You were only breaking a small law to make a big point, they’ll tell the assembled press. (What did you destroy, $6.50 in property, retail?) You were trying to save an institution vital to the democratic process. You had to turn to extralegal means only because conventional channels blocked civic progress, they’ll explain. Put the press conference clips on YouTube, and game Digg to make sure it gets circulated widely.
The day after your release, gather your colleagues en masse and bring bolt cutters, liberate the street boxes themselves, and take them to a landfill (burning would make better video, but it’s less environmentally responsible). Lock arms, light candles, and submit to mass arrest.
Journalists have done jail time to protect the First Amendment before, and that’s what they need to do here. If journalists don’t band together to preserve journalism in the digital world immediately, the marketeers, bloggeurs, real estate developers and technotweak gazillionniares will fill the news gap by creating “online newspapers” in communities everywhere.
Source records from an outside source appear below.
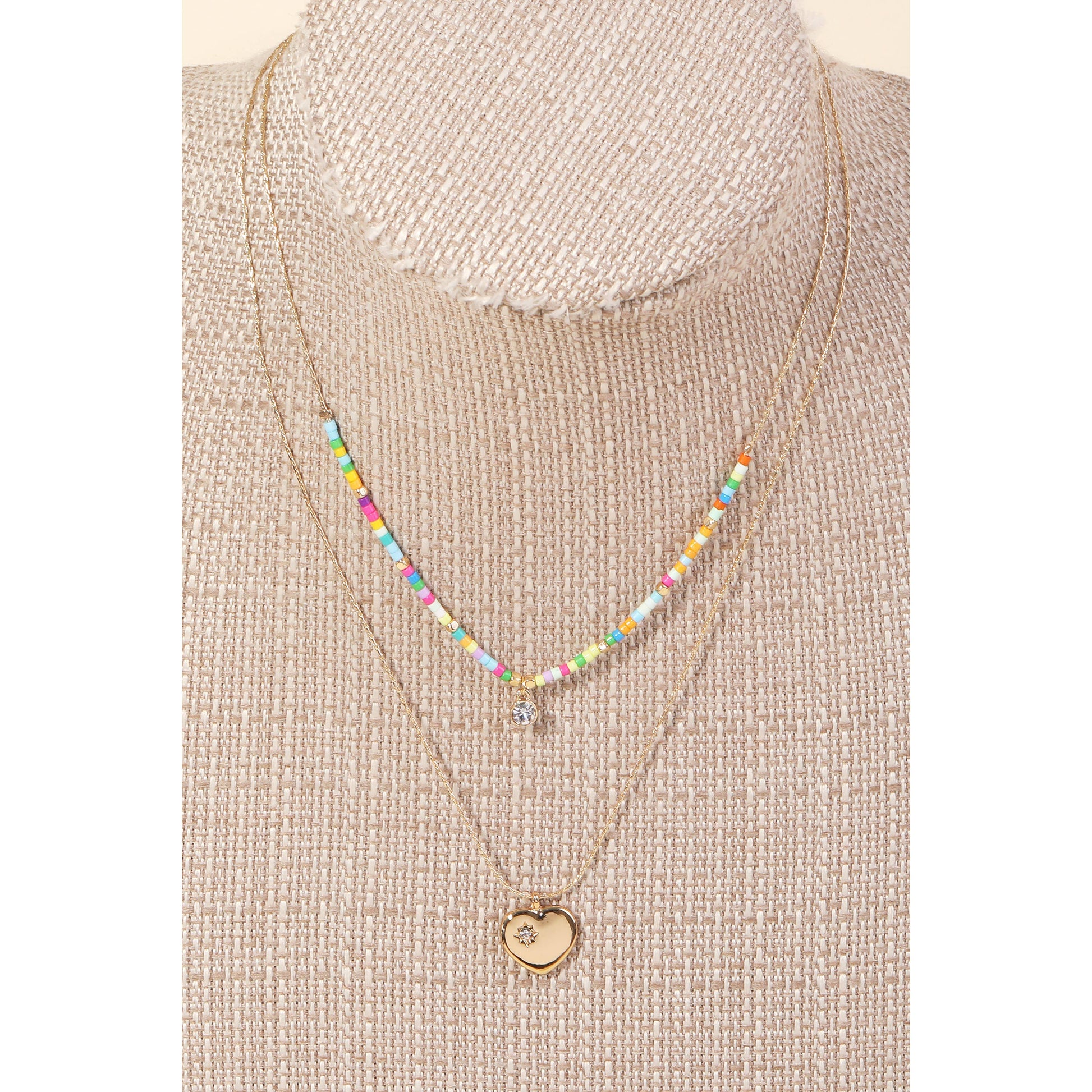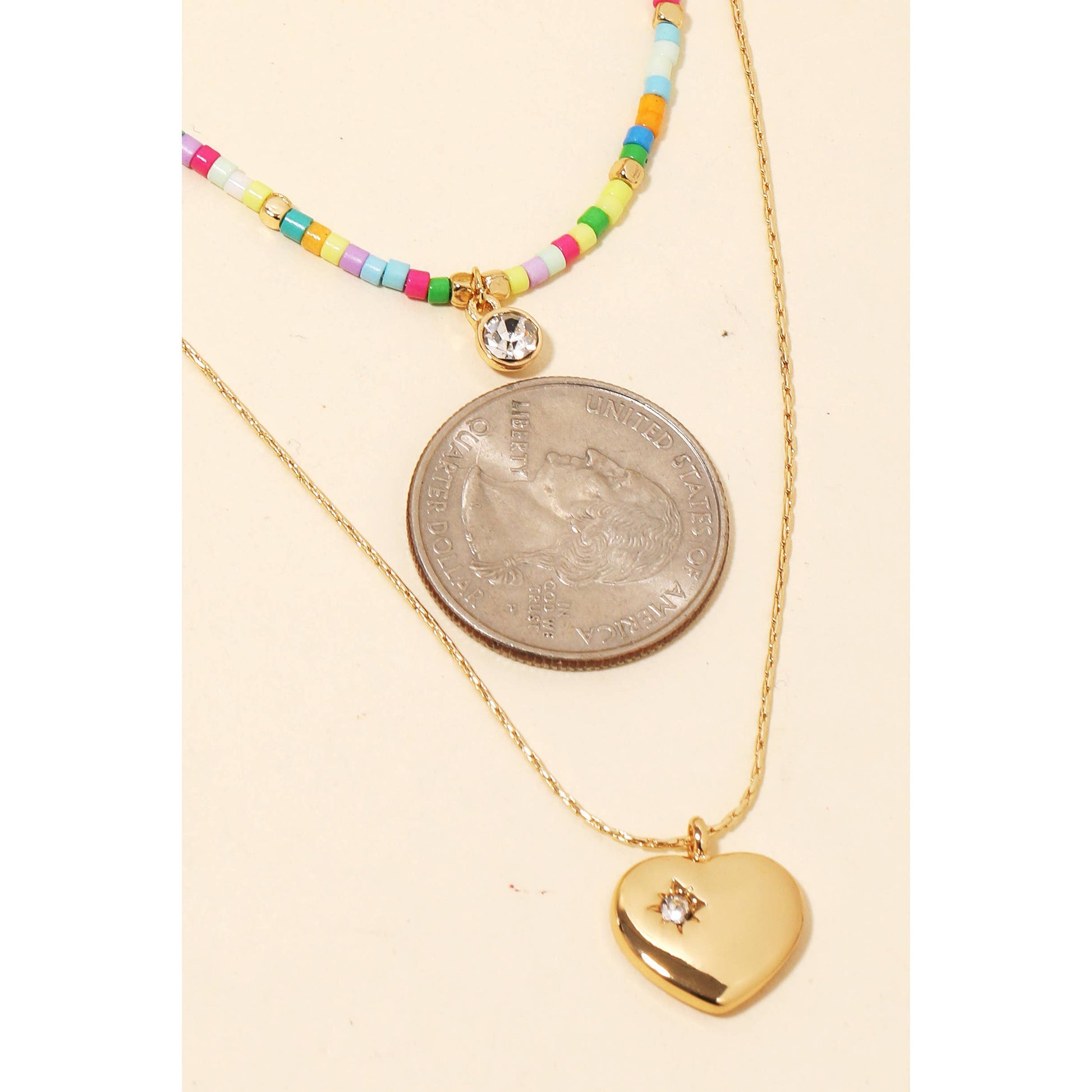 Warped Hoop Pendant Beaded And Chain Layered Necklace
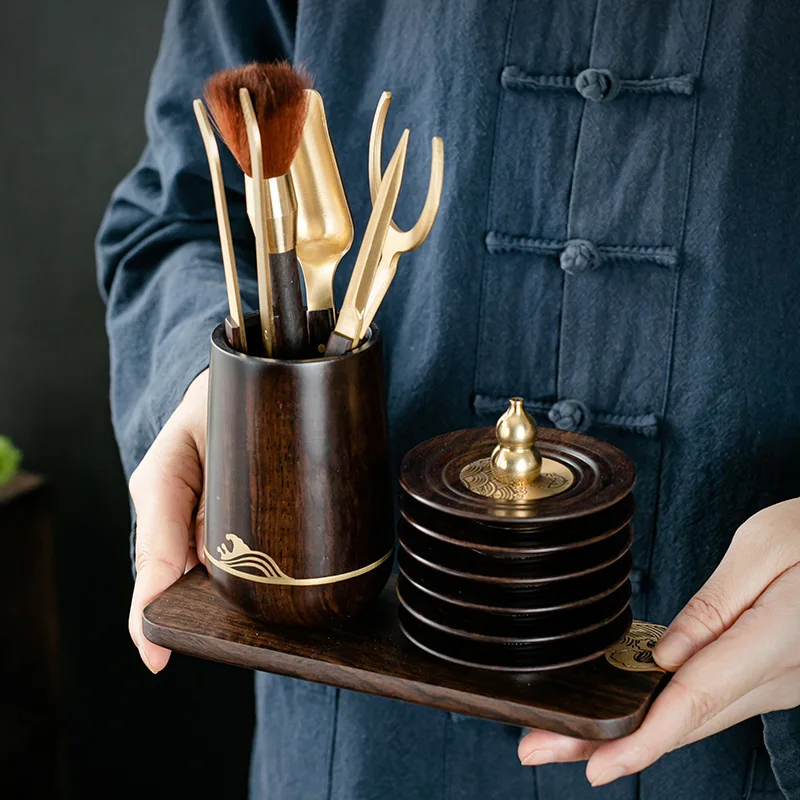 Набор для чайной церемонии из шести предметов, из черного дерева, чайная утварь для кунг-фу, зажим для чая из нержавеющей стали, держатель для ручки, коврик для чайной чашки, ситечко, подставки
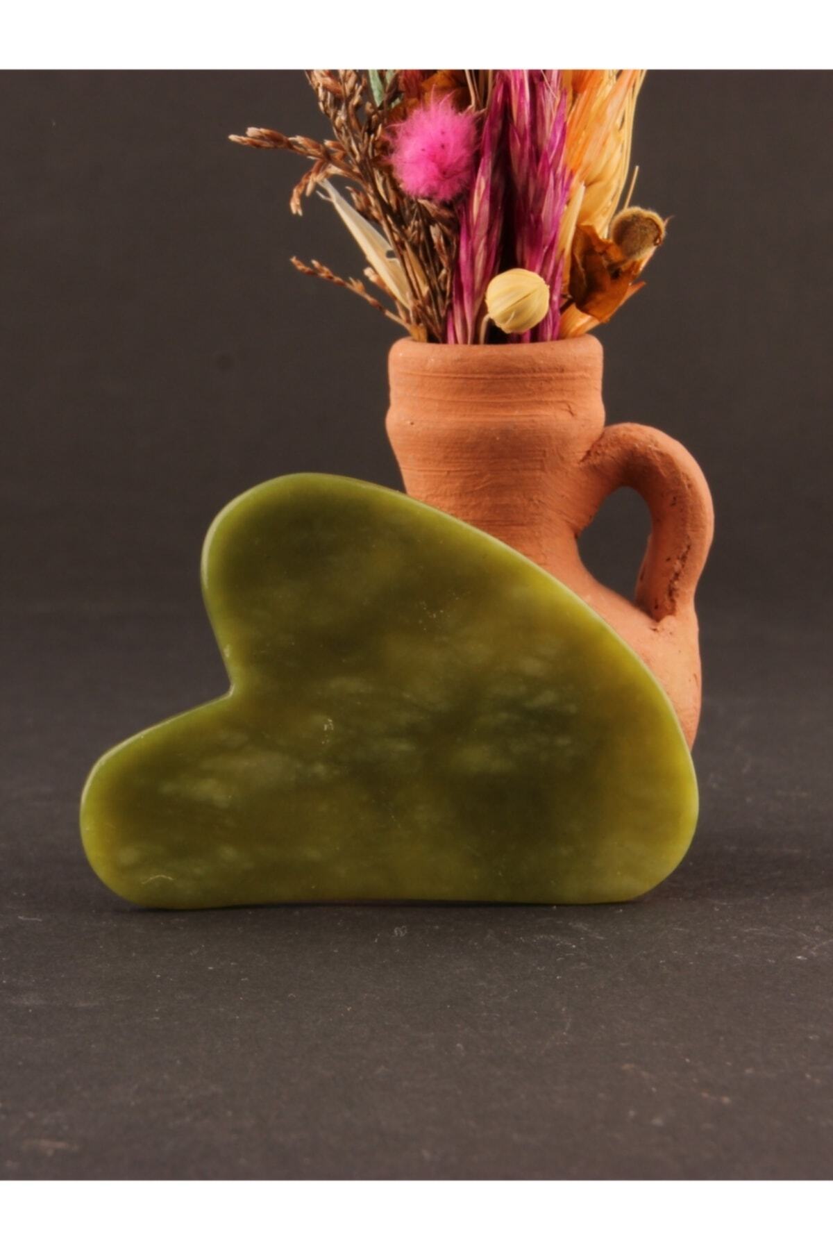 Soğukluk Etkisi: Bu soğukluk, yüzdeki şişlikleri azaltabilir, gözenekleri sıkılaştırabilir ve cildi sıkılaştırabilir. Rahatlatıcı Etki: Soğuk Gua Sha taşının cilt üzerinde kullanılması, cildinizi rahatlatıcı bir etki sağlayabilir. Özellikle sabahları kullanıldığında, yorgun ve şişkin cildi canlandırmaya yardımcı olabilir. Daha Etkili Sonuçlar:Soğuk Gua Sha taşının cilt üzerinde kullanılması, ürünlerin daha iyi emilmesine yardımcı olabilir. Cilt bakım ürünlerinizi (örneğin, serum veya nemlendirici) uyguladıktan sonra soğuk Gua Sha taşını kullanmak, bu ürünlerin cilde daha derinlemesine nüfuz etmesini sağlayabilir. Yeşim taşı:Odaklanmayı arttırır, nazara iyi gelir ve kişiyi korku ve endişeden korur.
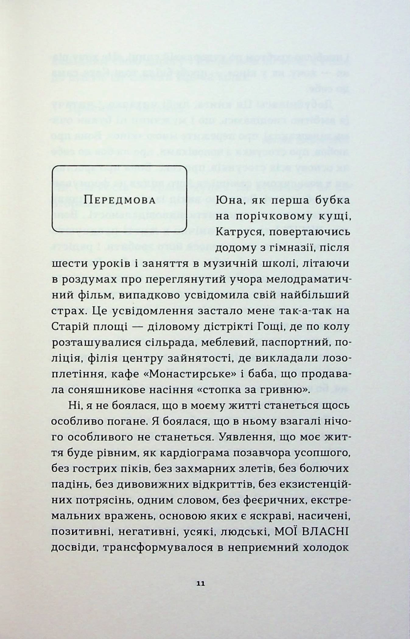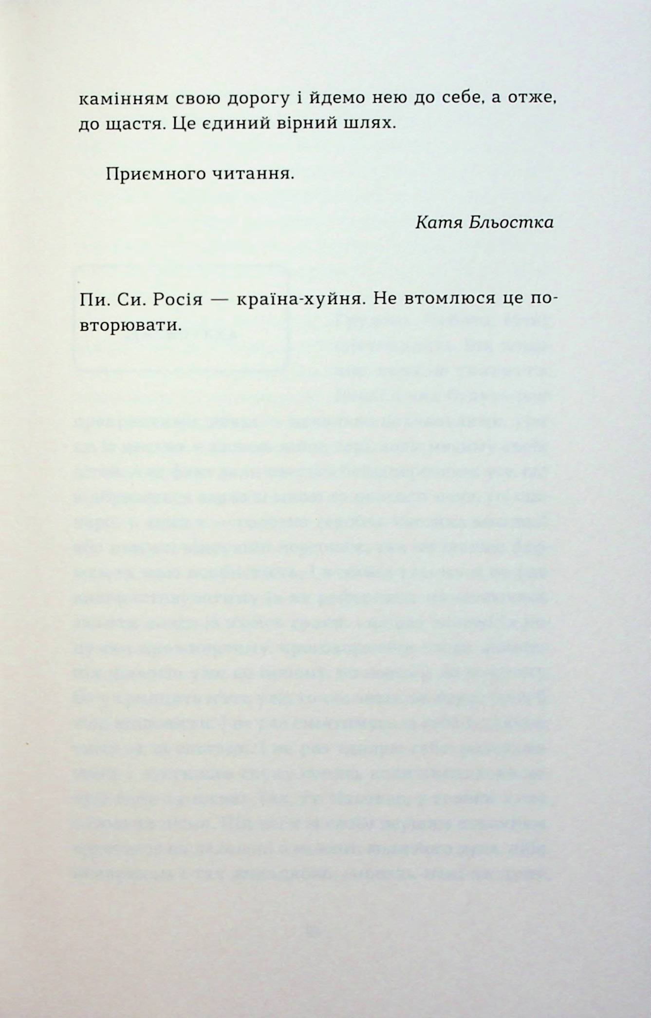 «Не хочу рівно, хочу, як у кіно». Від першої закоханості й метеликів у животі до конфліктів та важких рішень. У своїй новій книжці блогерка й авторка книжки «Матера вам не наймичка» Катя Бльостка відверто ділиться власною історією,починаючи від посиденьок з подружкою під дискотекою та перших побачень і до сварок із чоловіком й усвідомлення власних потреб. Ця історія про любов, секс і стосунки з чоловіками, вона про зростання у невеликому селищі та дорослішання. А ще ця історія про вибір та любов до себе, як основу всіх стосунків. Від дівчинки-підлітки до дорослої жінки – авторка ділиться своїми поглядами з гумором, самоіронією та легкою дозою вишуканого матюччя
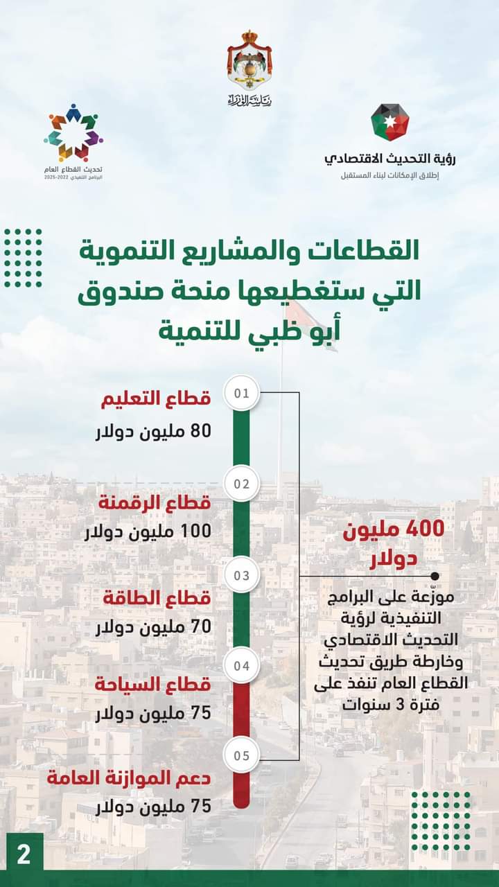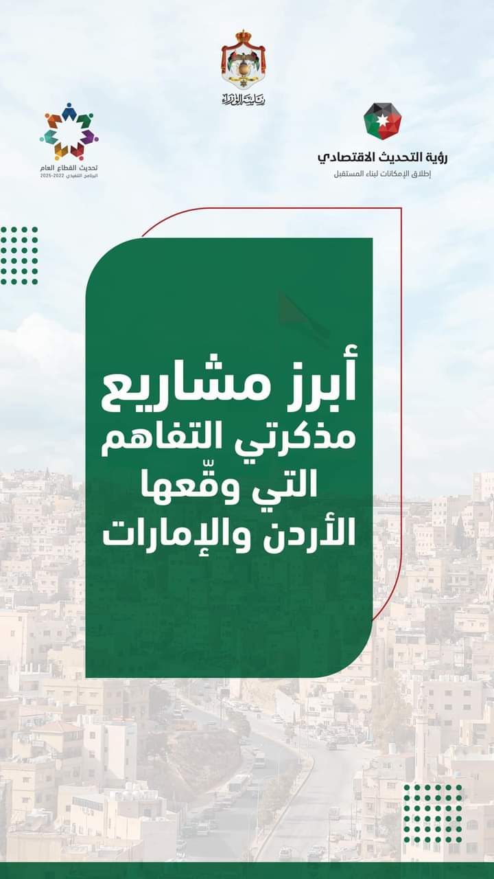 تهدف مذكرات التفاهم التي تم توقيعها خلال زيارة جلالة الملك عبدالله الثاني إلى دولة الإمارات العربية المتحدة الشقيقة لتعزيز التعاون في المشاريع التنموية والبنية التحتية، من خلال تمويل تنفيذ عدد من البرامج والمشاريع ذات الأولوية ضمن البرنامج التنفيذي لرؤية التحديث الاقتصادي (2023-2025)، والبرنامج التنفيذي لتحديث القطاع العام خلال فترة 3-5 سنوات.
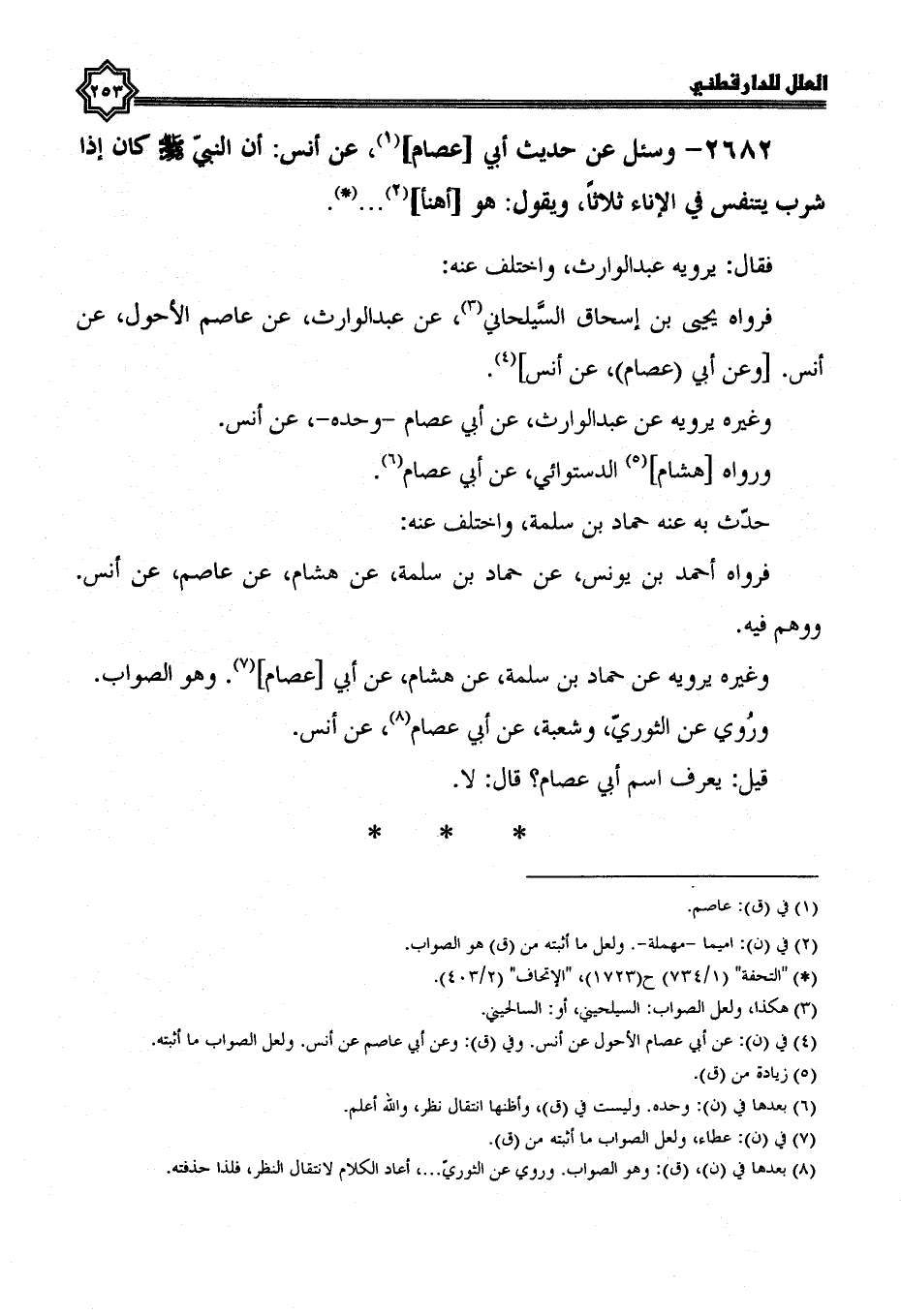 2682- وسئل عن حديث أبي عصام، عَنْ أَنَسٍ أَنَّ النَّبِيَّ صَلَّى اللَّهُ عَلَيْهِ وسلم كان إذا شرب يتنفس في الإناء ثلاثا، ويقول: هو أهنأ ...

It is, of course, happening already.
Do not for a moment think these folks will launch electronic “news” operations that will hold government accountable, explore the messy guts democracy and speak truth to power. Their “news” operations will be designed to aggregate audience and monetize it. The content? Hire some of those producer kids just out of school.
If you think the paper barons of today don’t understand the value of real journalism, just wait until these clowns take over.
There will be no responsible press in the near future unless the folks who love it and believe in it force it into the new era as soon as possible. This push will not come from newsroom management. It will have to come from The People.
That’s my proposal, at least.
I sure hope it brings me some blog traffic.
Or–who knows?–maybe I’m just being satirical. It can be very hard to tell.